Master Graduation Award für Sophie Apelmeier
Den Graduation Award des VWI für die beste Master-Arbeit erhielt Sophie Apelmeier von der TU Dresden. Ihr Thema waren „Subcontracting Options and Energy Awareness in Hybrid Flow Shop Scheduling“ (Möglichkeit des Subcontractings und Energieberücksichtigung bei der Ablaufplanung hybrider Flow Shop Umgebungen). Dabei hat die Wirtschaftsingenieurin die hybride Fließfertigung, bei der auf jeder Fertigungsstufe mehrere parallele Maschinen zur Verfügung stehen, unter der Prämisse untersucht, dass einzelne Jobs zur Bearbeitung auf einer oder mehreren Stufen unabhängig voneinander an einen externen Dienstleister (oder gegebenenfalls eine andere Abteilung/Fertigungsstraße) abgegeben werden können. Hypothese: Unter Berücksichtigung von Echtzeit-Energiekosten und unterschiedlichen Maschinenverbräuchen ist das Subcontracting von Jobs zu einem Pauschalpreis genau dann sinnvoll, wenn die Energiekosten einen der zwei täglichen Peaks in einem typischen Verlauf erreichen. Die Ergebnisse der Master-Arbeit lassen den Schluss zu, dass die Einbeziehung tagesaktueller Energiepreisverläufe und die Zusammenarbeit mit Dienstleistern für ein partielles Fertigungs-Outsourcing zur Kostenreduktion geeignet sind. Zusätzlich ergibt sich der Effekt, dass Produktionskapazitäten flexibler an schwankende Bedarfe angepasst werden können. Die Einbeziehung von Energiekosten und -verbräuchen in die Produktionsplanung sowie die Idee der Vernetzung und Zusammenarbeit mehrerer Fertigungsunternehmen, um eben diese Energiekosten signifikant zu senken, haben sich im Laufe der Untersuchungen als vielversprechender Ansatz herausgestellt.

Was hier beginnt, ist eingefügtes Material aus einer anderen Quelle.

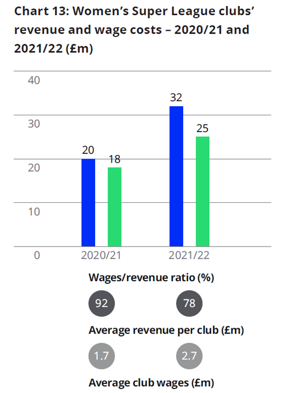 En dicho Informe no hay un estudio agregado de las principales ligas de fútbol femenino, pero sí lo hay de los ingresos de la competición inglesa: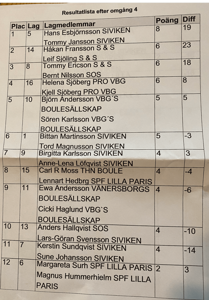 Resultat grundspelet Lilla Paris Open 15/8-24 30 av 44 lag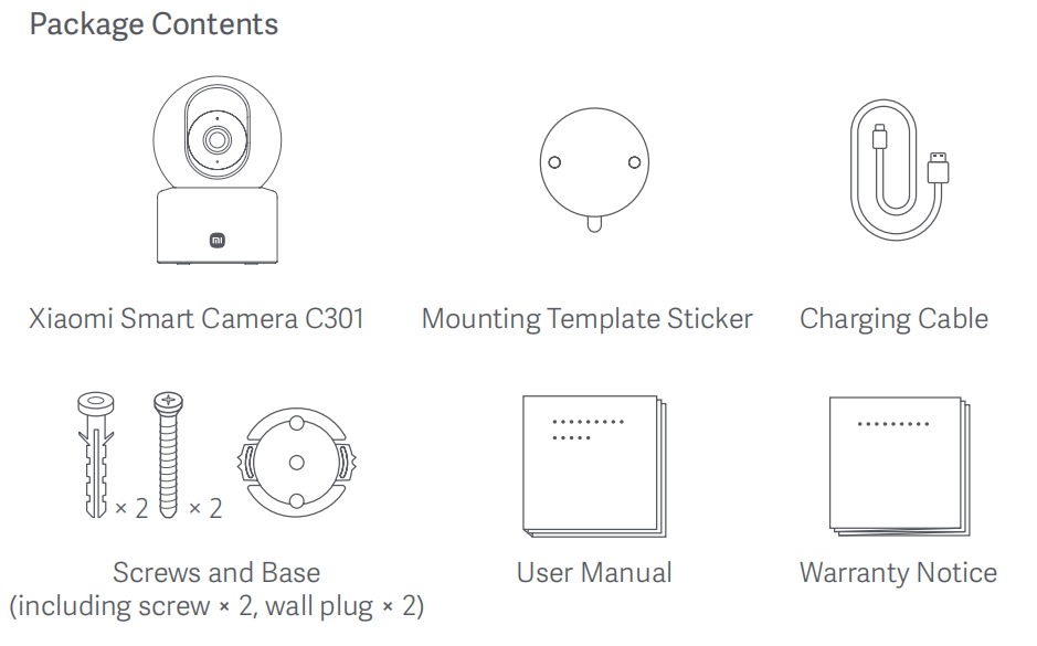 Xiaomi Smart Camera C301 × 1, Stiker Templat Pemasangan × 1, Kabel Pengisi Daya × 1, Sekrup dan Dasar (Termasuk sekrup × 2, steker dinding × 2), Panduan Pengguna × 1, dan Pemberitahuan Garansi × 1.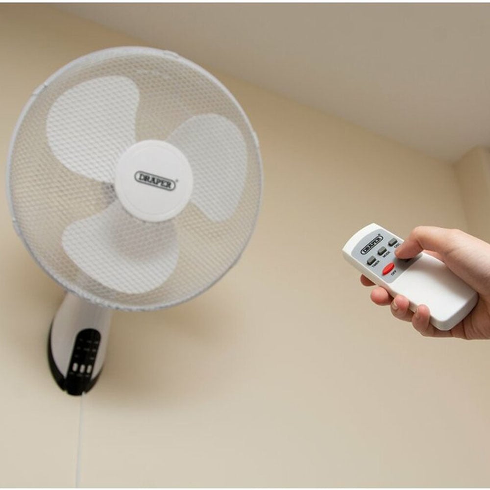 This remote-controlled 400mm oscillating wall-mounted fan from Draper is an ideal addition to any home or workplace. It has three-speed settings (low, medium and high) and oscillates to circulate the cooled air around the room, and it has an adjustable 90° tilt to further direct the airflow where it is most needed. There are three fan modes (normal, natural and sleep). In sleep mode, this fan can be set to turn off automatically using the built-in timer, which can be adjusted in 30-minute segments up to a maximum of 7.5 hours. The infra-red remote control enables the simple selection of the speed, fan mode and timer. Three-bladed design, for maximum efficiency, is protected by a metal safety guard. The wall-mounted design is a great space-saver when floor or desk space is limited. The remote control requires two AAA batteries - available separately.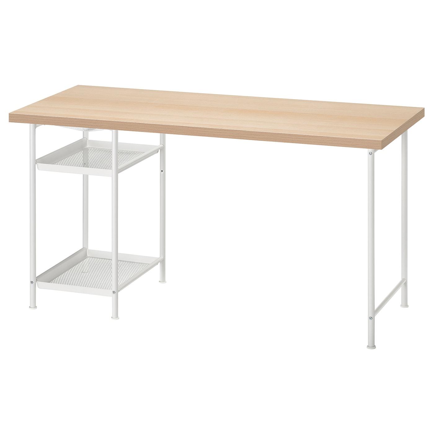 На двух полках достаточно места для бумаги, блокнотов и книг, что позволяет освободить столешницу.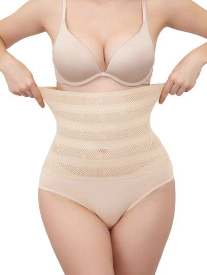 拼接網紗塑形三角褲 - 杏色 - 查看 1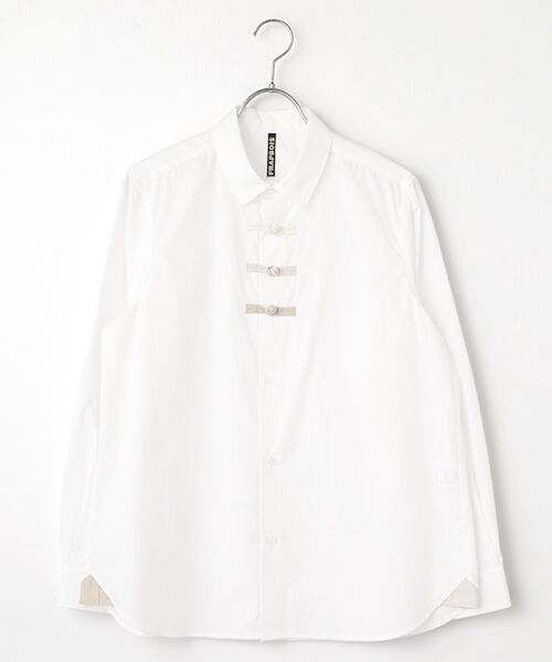 【素材】キレイな表面感とサラッとした肌触り、綿特有の肌触りの良さが特徴のブロード生地を使ったシャツブラウス。【デザイン】フロントに大胆にチャイナボタンのモチーフを入れたシャツカラーのブラウス。絶妙な配色やさり気ないポイントがインナーはもちろん1枚でもさまになるアイテムになっています。*こちらの商品はユニセックス商品です。【ブランド情報】FRAPBOIS/フラボア2001年にブランドスタート。「大人げない大人の服」をコンセプトに、大人が着るリラックスしたデイリーウェアを提案するコレクションブランド。レディースとメンズのアイテムをご用意しています。FRAPBOIS official website

Jährliche Ausschreibung geplant
Anlass für die erstmalige Auslobung des Preises war der Start des Studiengangs Wirtschaftsingenieurwesen an der Technischen Universität Berlin vor 90 Jahren. Echte Inter- und Multidisziplinarität sind seit 1927 Markenzeichen dieses Studienganges, was ihn zum Erfolgsmodell in der deutschen Wissenschaftslandschaft gemacht hat. Heute wird der Studiengang an über 150 Hochschulen angeboten und als Exportschlager weltweit imitiert. Der VWI will die Graduation Awards für Bachelor- und Masterarbeiten von nun an regelmäßig einmal im Jahr vergeben. 2017 waren die Auszeichnungen mit 500 Euro (Bachelor) und 1000 Euro (Master) dotiert.